強いAIの実現方法 ~実践的な作り方~

強いAIの実践的な作り方を検討しています。メイン記事に主張をまとめています。人工知能関係の書評もあり。なお、今後、任意団体として活動してみたいと考えており、手伝ってみたいという方は是非ご連絡下さい。詳しくは、メイン記事の7を参照下さい。

人工生命 検証プログラムの舞台及びゴール

「プログラムされていないことを思いつくプログラム」

 本ブログで取り組んでいるプロジェクトの目新しさは、「強いAIには身体が必要である」という概念のもと、外界モデル、身体モデルを導入するところにある。

 その検証として人工生命エージェントを組み立てるにあたり、外界モデル、身体モデルについては概ね方針が定まっている。ただし、脳モデルについては方針が定まっていない。強いAIを生み出す脳モデルを、いろいろ試すのがプロジェクトの目的であり、ここでは、どのような人工生命プログラムで脳モデルを試すかについて整理する。

 プログラム規模に限界があるため、人間相当の知性には及ぶべくもないが、このプログラムの規模を拡大していけば、「強いAI」になるかもしれない、ということは証明できる必要がある。
 そこで、検証プログラムのゴールは「プログラムされていないことを思いつくプログラム」としてみたい。

 人工生命エージェントの舞台は2次元、食料の採集、狩り、繁殖、外敵(兼食料)、道具の概念があり、お互いが会話することが出来るものとする。

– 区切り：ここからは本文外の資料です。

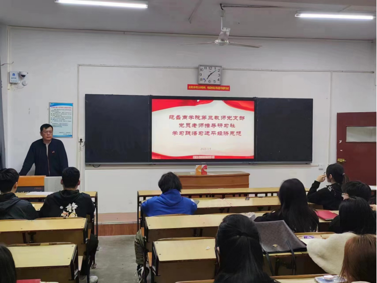 3月9日,yl6809永利官网集团第三教师党支部在一号教学楼开展主题党日活动,党员教师指导习近平经济思想研习社学习活动。支部书记吴信科、第三教师党支部部分党员教师及全体习近平经济思想研习社社员参加本次活动。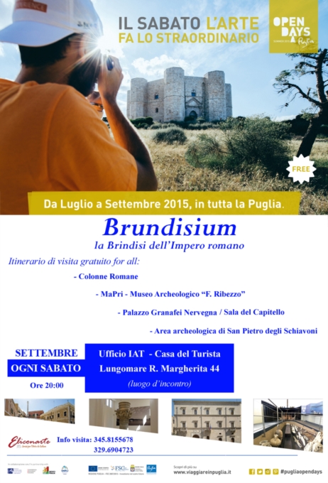 In coincidenza con le Giornate del Patrimonio 2015 e nell'ambito del progetto Puglia Open Days, il ricco calendario di aperture straordinarie e visite guidate del patrimonio culturale pugliese promosso da Regione Puglia e Pugliapromozione, l'appuntamento è alle ore 20,00 con il "Brundisium" la visita guidata del centro storico di Brindisi, partendo dall'ufficio d'informazione accoglienza turistica (IAT) presso la Casa del Turista sul lungomare Regina Margherita.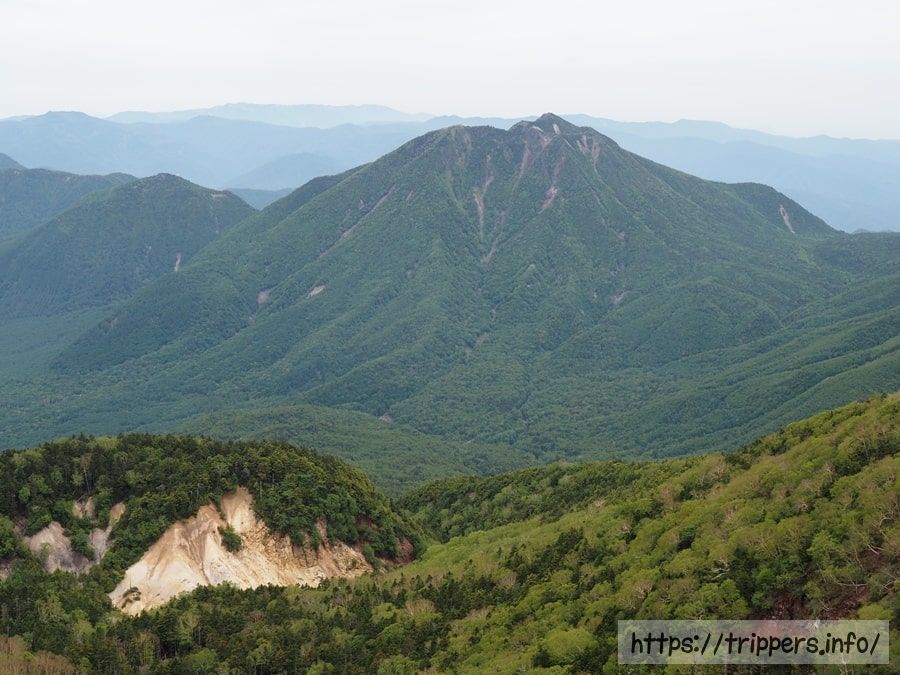日光白根山です。こちら側へ下山すると湯元温泉街に着きます。ユモトマムシグサは、この地名から名前が付けられていたり、ショウキランも自生していたり、名瀑である湯滝もあります。登山せずとも観光や湯治など楽しめます。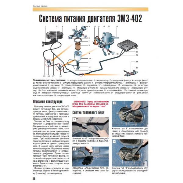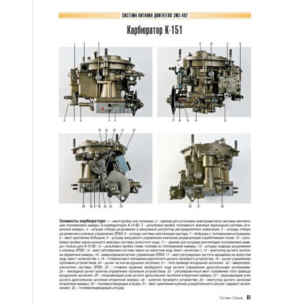 Полноцветное руководство по ремонту, техническому обслуживанию и эксплуатации автомобиля ГАЗ-3110, с двигателями ЗМЗ-402 (2,5 л.) и ЗМЗ-406 (2,3 л.), с подробными фотографиями пошагового процесса ремонта. Имеются перечни возможных неисправностей и рекомендации по их устранению, а также указания по разборке, сборке, регулировке и ремонту узлов и систем автомобиля с использованием готовых запасных частей и агрегатов. Способы ремонта подобраны в расчете на использование стандартного набора инструментов в условиях гаража, а фотоматериалы подготовлены в процессе разборки и сборки автомобилей высококвалифицированными автомеханиками. В процессе описания ремонтных операций даны полезные советы, составленные на основе практики опытных автомобилистов.

 進化的アルゴルリズムによる行動最適化、強化学習による行動最適化は(とりあえず)導入しない。意味を理解し主体的に考えることで、「プログラムされていないことを思いつく」ようなエージェントの行動が観測できれば良しとする。例えば、「昨日は俺が狩りに行ったから、今日はお前が行け」みたいな会話を、プログラムしていないのにエージェントがしていることが観測できれば良い。

 そんなことが出来るのであろうか。

 想像するに、重要なのは知能よりも感情や疲労という要因に思える。狩りに行くと疲れるし外敵に襲われる可能性があるからいやだけど、誰かが行かなくてはならない、昨日は俺が行ってお前の分まで食料を持ってきたから、今日はお前が行くべきである、という判断するのは、知能云々の前に、外界モデル、身体モデルにそれだけのコーディングをしなくてはならない。何人かで狩りに行って、一人死んでしまった時に、洞窟へ帰って「Aが死んだ」とみんなに伝えるとか、自分は死にたくないと思ったりすることも必要に思える。狩りが得意なものもいれば、採集が得意だったり、料理が得意なものもいるだろう(アダムスミスの国富論によれば、経済活動の原理は分業である)。

 こんな簡単な舞台でも、外界モデル、身体モデル、そして脳モデルにおいて言語能力を作りこめば、「プログラムされていないことを思いつく」ことがあっても良さそうに思えるが、いかがであろうか。

 生物が複雑な行動をするのは環境が複雑だから、というブルックスの至言の通り、外界モデル、身体モデルを複雑にしていくのが重要、ということかもしれない。会話により相互作用することでも、事態はどんどん複雑になっていくであろう。

 話はそれるが、「GAFA-四騎士が創り変えた世界」を読んでいたところ、気になる一文があった。採集、狩猟時代の人類の労働時間は週20時間ぐらいだったということである。一方GAFAで死ぬ気で働くなら週160時間みたいなことが書いてある。毎日8時間+残業で、週50時間ぐらいが普通のサラリーマンの労働時間だと思うが、週20時間の労働時間というのは、今より良い暮らしだったということはなかろうか。